Repeat the listing exactly. Do not carry over any pictures.

##### DATA BELOW

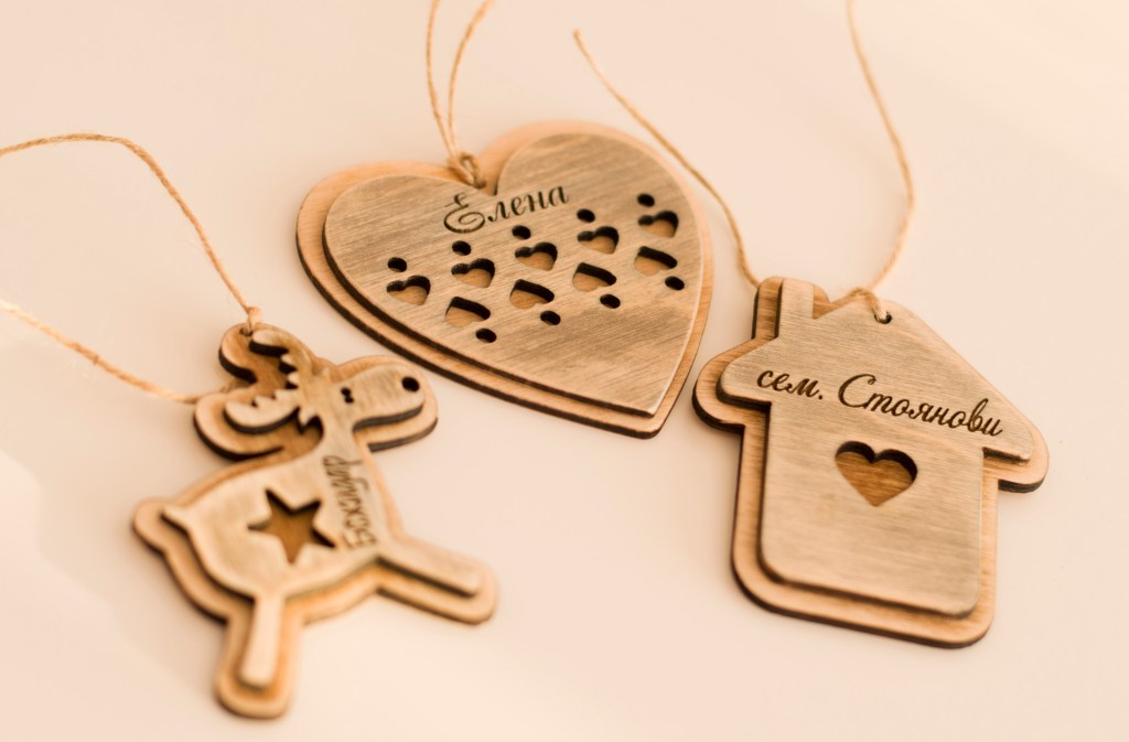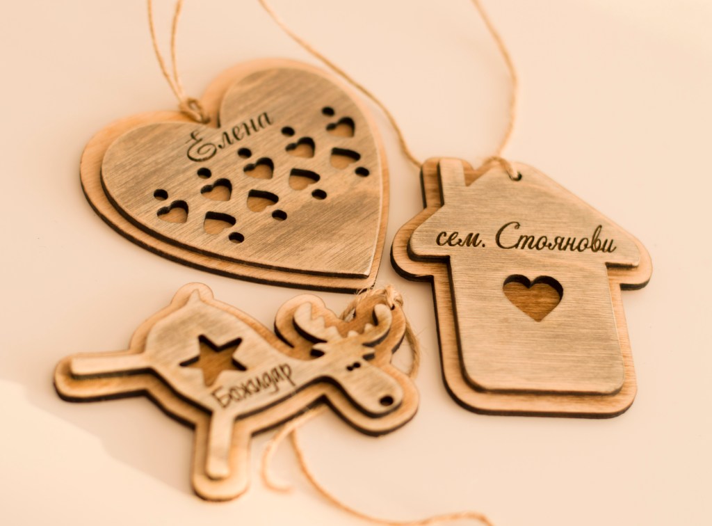 Комплект персонализирани Коледни играчки, лазерно гравирани.
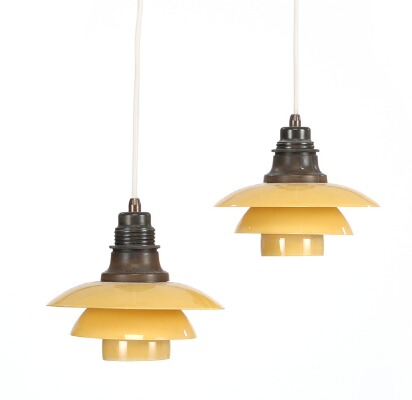 A pair pendants with brown bakelite sockethouse, yellow/frosted glasss shades
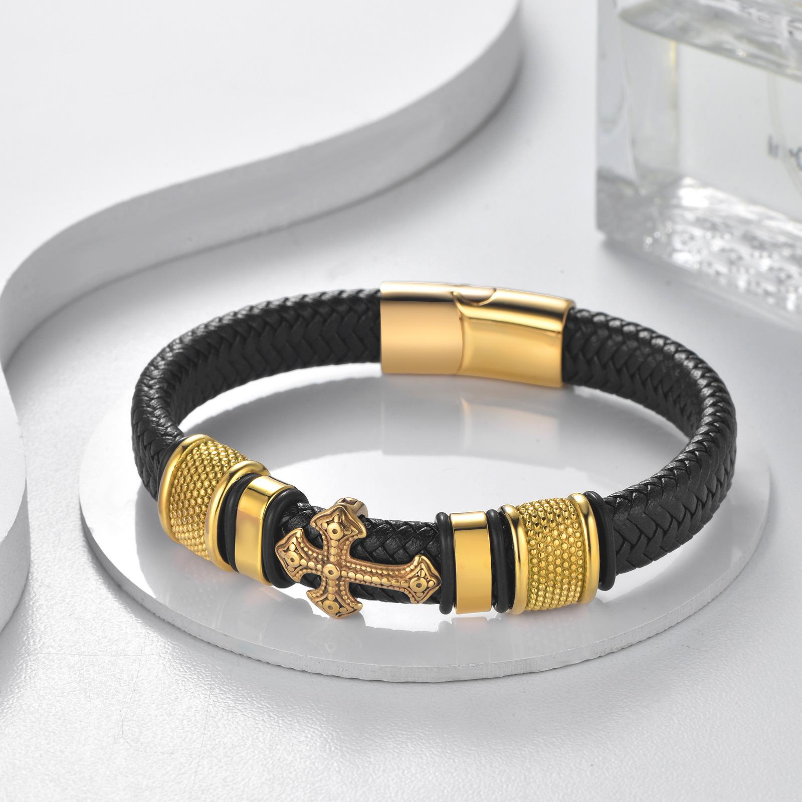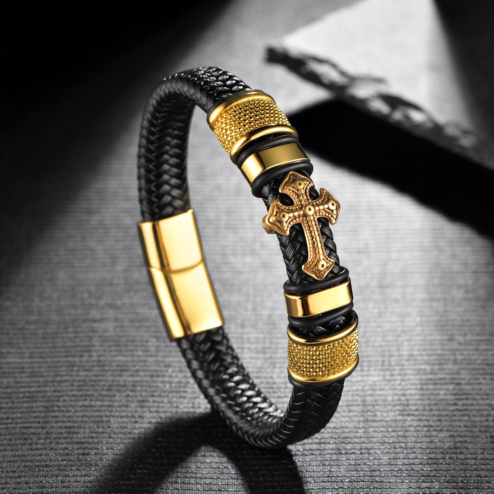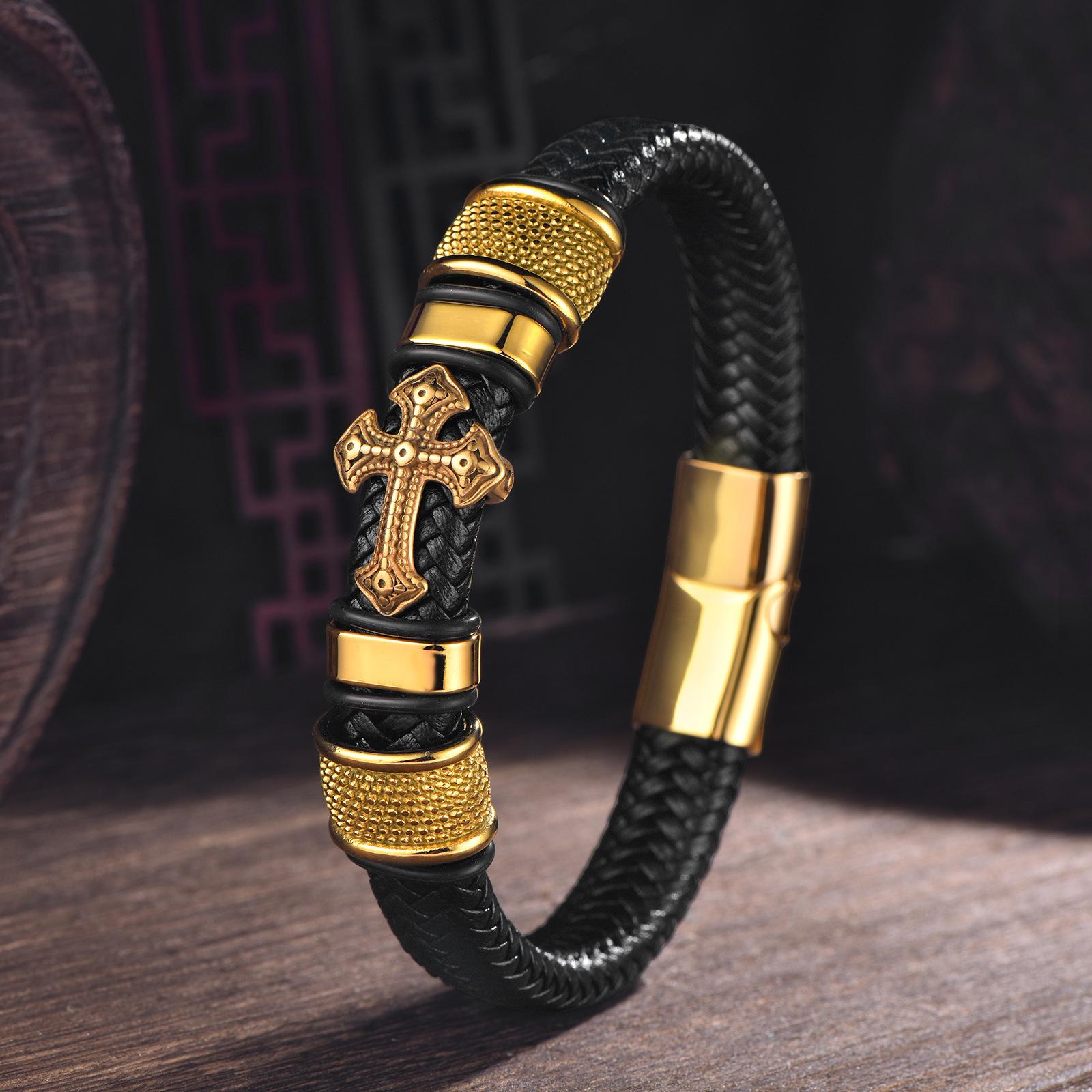 Pulsera de cuero tejida a mano, de gran oferta transfronteriza, nueva pulsera de cuero vintage con cruz dorada de moda para hombre.

##########

→ **TASK RESULT**:
 Комплект персонализирани Коледни играчки, лазерно гравирани.
 A pair pendants with brown bakelite sockethouse, yellow/frosted glasss shades
 Pulsera de cuero tejida a mano, de gran oferta transfronteriza, nueva pulsera de cuero vintage con cruz dorada de moda para hombre.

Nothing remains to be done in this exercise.